Today marks the secret launch of Symbolica, so the company has no customers — at least, no customers it wants to talk about publicly. However, Morgan revealed that Symbolica secured a $33 million investment led by Khosla Ventures earlier this year. Other investors include Abstract Ventures, Buckley Ventures, Day One Ventures, and General Catalyst.
$33 million is no small number. Symbolica's backers are clearly confident in the startup's science and roadmap. Vinod Khosla, founder of Khosla Ventures, said in an email that he believes Symbolica is “addressing some of the most important challenges facing the AI industry today.”
“To enable large-scale commercial AI deployment and regulatory compliance, we need models with structured outputs that can achieve higher accuracy with fewer resources,” said Khosla. “George has assembled one of the best teams in the industry to do just that.”
But some are less convinced that symbolic AI is the right path to take.
candidate at the University of Washington, who focuses on law and data ethics, said that because symbolic AI models rely on highly structured data, the models are “very fragile” and that context and points out that it depends on specificity. This means that symbolic AI requires well-defined knowledge to work, and defining that knowledge can be very labor-intensive.
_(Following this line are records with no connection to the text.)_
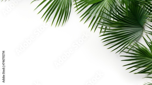 © Voilla, Obraz premium Tropical palm leaves on white background. Flat lay, top view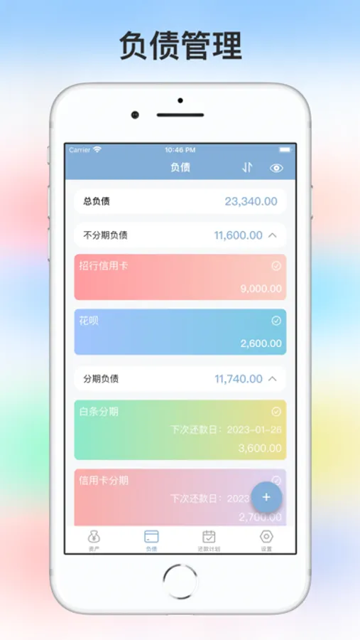 「负债管理」记录所有负债(如信用卡、分期贷款等)的负债记录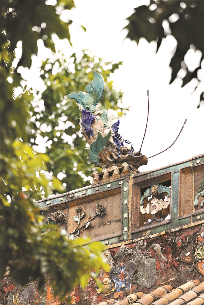 屋脊上的鳌鱼不仅有着独占鳌头的吉祥寓意,也体现了岭南的亲水、敬水文化。

“If you combine the benefits of deep learning and symbolic approaches, this could still be interesting,” Keys said, referring to DeepMind's recently published AlphaGeometry, which is a neural network and AI-inspired symbolic approach. He said he solved a difficult geometric problem by combining algorithms. “But only time will tell.”
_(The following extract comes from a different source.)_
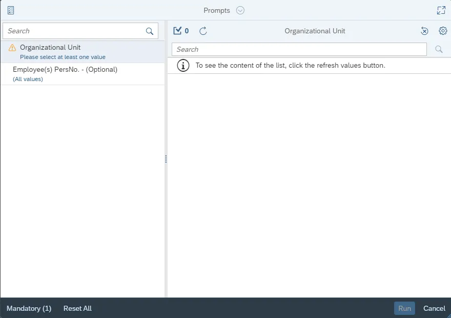This report is generated after selecting values for the mandatory prompts. All mandatory prompts must have values selected before the Run Icon can be used to generate the report. Mandatory prompts can be identified as mandatory by the exclamation mark inside of the yellow-orange triangle, the square with the checkmark, or the display of (Mandatory). Detailed instructions for interaction with each prompt can be found on the Web Intelligence Prompt List on the OSC website.

Morgan counters that promising alternatives are worth investing in, as current training methods will soon no longer be able to meet the needs of companies wanting to leverage AI for their purposes, and Symbolica is strategically positioned in this regard. He claimed to be in a favorable position. It has a “multi-year” runway with the latest funding tranche and is promising given its model is relatively small (and therefore cheap) to train and run.
“For example, to automate software development at scale, you need models with formal reasoning capabilities to parse large code databases and generate and iterate on useful code. , which requires lower operating costs,” he said. “The public perception around AI models is still that all you need is scale. To make progress in this field, thinking symbolically is absolutely necessary. Meeting these demands requires structured and explainable output with formal reasoning capabilities. ”
There is little to prevent large AI labs like DeepMind from building their own symbolic AI or hybrid models. And aside from Symbolica's point of differentiation, Symbolica is entering a very crowded and well-capitalized AI space. But Morgan expects growth, predicting that San Francisco-based Symbolica's workforce will double by 2025.